Link-local addressing predates Zeroconf discovery by almost a decade. Windows has supported it since Windows 98. I would say that most people's first exposure to it was when their Windows machines couldn't connect to the network, they checked their settings and saw an address beinging with 169.xxx. I know I did, I did not know what the 169 meant until years later. Link-local is often thought to be part of Zeroconf, because they're often used together. That, and link-local addresses are useless unless there is some discovery method in use, so I think that's why they are often confused.
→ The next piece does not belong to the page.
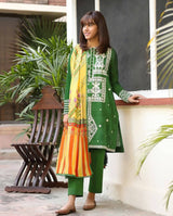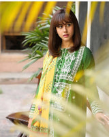 A verdant green canvas is heavily embroidered with intricate ivory tribal details in 'Bisha.' Paired with a beautifully rendered printed dupatta in lively hues of daffodil & grapefruit, and a monotone trouser, this deep hued ensemble will make a great style statement this summer!

A few years back, I implemented Zeroconf on Mercury's access control boards. I would be very interested in how other devices implemented it. That said without mDNS, a device should not be claiming Zeroconf support.

practically the same for me. Never heard about it until now, while seen 169... quite frequently.

but let me repeat - onvif is using ws-discovery which is MS way of doing the same thing using multicast but with xml flavour. And it is not using hostname but is using service uid, which is unique (typically MAC-based). Which toheter are doing profile q magic - working just from the shelf.

i have an ssh access for a few cameras from different vendors - so tomorrow i will check them for mdns support.

I'm surprised that there's no mention in the article about Profile Q's support for Transport Layer Security with secure communication via certificate/key authentication between device/client.

Any reason for this omission? I was under the impression that secure comms was a big part of Profile Q.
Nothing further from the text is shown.